OMG Manny, awesome pics, and a HUGE CONGRATS on this win for Ooh-Rah, it is well deserved he is a fine specimen for a bully


----------



## MrsSemperFiBullies (Oct 23, 2009)

That's my baby :clap: :woof:


----------



## pitbullmamanatl (Jun 1, 2010)

MrsSemperFiBullies said:


> That's my baby :clap: :woof:


Stephanie!!!!!!! Hiiiiiiiiii!


----------



## MrsSemperFiBullies (Oct 23, 2009)

pitbullmamanatl said:


> Stephanie!!!!!!! Hiiiiiiiiii!


HEY GIRL  SHHHHH I'M NOT REALLY HERE! 
YOU GOING TO SC??


----------



## pitbullmamanatl (Jun 1, 2010)

MrsSemperFiBullies said:


> HEY GIRL  SHHHHH I'M NOT REALLY HERE!
> YOU GOING TO SC??


 lmmfao.....
Hopefully girl! I have had one issue after another.


----------



## DMTWI (Nov 2, 2010)

He's an impressive looking guy, good job! :thumbsup:


----------



## Firehazard (Dec 4, 2009)

Good job! I like that dog, he looks like a giant puppy.. litterally. APBT pups all look like pigs at one stage of early puppyhood before 8wks usually, LOL that reminds me of that .. like a 8wks old pup on an adult size frame..  I love it, think I will get a bully dog when Im like 75.. no pun intended.


----------



## DueceAddicTed (Sep 28, 2009)

I love me some Ooh-Rah !! Congrats to yall !


----------



## American_Pit13 (Apr 23, 2007)

Very Nice!


----------



## SemperFiBullies_Manny (May 12, 2010)

Thanks everyone!!


----------



## SemperFiBullies_Manny (May 12, 2010)

Firehazard said:


> Good job! I like that dog, he looks like a giant puppy.. litterally. APBT pups all look like pigs at one stage of early puppyhood before 8wks usually, LOL that reminds me of that .. like a 8wks old pup on an adult size frame..  I love it, think I will get a bully dog when Im like 75.. no pun intended.


*
He acts like giant puppy too!
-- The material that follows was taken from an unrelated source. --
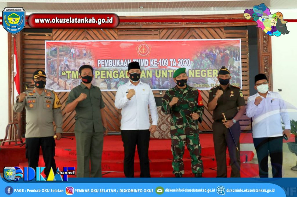 Muaradua (22/09) Wakil Bupati OKU Selatan Sholehien Abuasir,SP.,M.Si., buka Secara Resmi Kegiatan TNI Manunggal Membangun Desa (TMMD) Ke 109 Tahun Anggaran 2020 di Desa Simpang Pancur dan Desa Pagar Agung Pulau Beringin. Selasa (22/09/2020).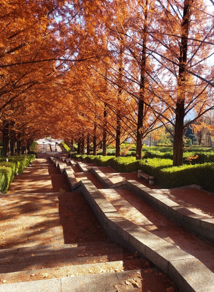 12月頭にかけて赤くなり、絨毯のように地面に落ち葉が散り始めます。

Thought I'd share some puppy pics of him at 6 weeks old.*


----------



## pitbullmamanatl (Jun 1, 2010)

SemperFiBullies_Manny said:


> *
> He acts like giant puppy too! Thought I'd share some puppy pics of him at 6 weeks old.*


OMG precious little baby dogs! Look how perfect he was even as a puppy!!!!Man I lubs hims!


----------



## Eric (Oct 21, 2010)

Congrats!!! :cheers: That is awesome!! Ooh-Rah is looking great in those pics


----------



## DueceAddicTed (Sep 28, 2009)

OMG I want me a baby Ooh-Rah !!! I love him Stephanie !
Thanks for posting his puppy pics he was stunning from birth!!!


----------



## Cujo's Mom (Feb 3, 2010)

gret looking bully... ooh-rah! congrats


----------



## Indigo Bully Connection (Dec 21, 2006)

Congratulations you guys, that GRCH title is well deserved!


----------



## brandileigh080 (Mar 9, 2010)

Wow! Congrats!

That's awesome


----------



## AdrianVall (Dec 16, 2009)

Wow! Very impressive! That is so awesome. Congrats guys! He's a GREAT looking boy!


----------



## Silence (Dec 30, 2010)

Congrats Ooh-Rah!!
Well deserved title, he is a perfect looking Bully.
Congrats! Congrats! Congrats!
I hope to have a bully that looks that good some day!


----------